Task requirements - Only one stretch of the listing below is wanted. Give it again exactly, from the line with "Postre con banana, toppings" through the line with "Ο κ. Θεοδωρικάκος".

Listed entries -
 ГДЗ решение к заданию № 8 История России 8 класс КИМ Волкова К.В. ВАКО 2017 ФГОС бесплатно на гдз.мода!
--
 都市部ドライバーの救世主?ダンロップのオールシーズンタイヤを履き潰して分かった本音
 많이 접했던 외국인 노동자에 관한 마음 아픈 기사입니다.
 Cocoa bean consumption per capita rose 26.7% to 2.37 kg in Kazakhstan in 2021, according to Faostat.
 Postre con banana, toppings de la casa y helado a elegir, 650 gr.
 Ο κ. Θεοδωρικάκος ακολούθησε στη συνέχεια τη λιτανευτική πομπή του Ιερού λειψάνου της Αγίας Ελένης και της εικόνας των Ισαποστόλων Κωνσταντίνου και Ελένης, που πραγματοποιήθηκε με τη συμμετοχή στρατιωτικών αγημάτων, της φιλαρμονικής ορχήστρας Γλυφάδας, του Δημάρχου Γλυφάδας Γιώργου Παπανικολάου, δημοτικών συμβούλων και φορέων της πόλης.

Answer space -
 Postre con banana, toppings de la casa y helado a elegir, 650 gr.
 Ο κ. Θεοδωρικάκος ακολούθησε στη συνέχεια τη λιτανευτική πομπή του Ιερού λειψάνου της Αγίας Ελένης και της εικόνας των Ισαποστόλων Κωνσταντίνου και Ελένης, που πραγματοποιήθηκε με τη συμμετοχή στρατιωτικών αγημάτων, της φιλαρμονικής ορχήστρας Γλυφάδας, του Δημάρχου Γλυφάδας Γιώργου Παπανικολάου, δημοτικών συμβούλων και φορέων της πόλης.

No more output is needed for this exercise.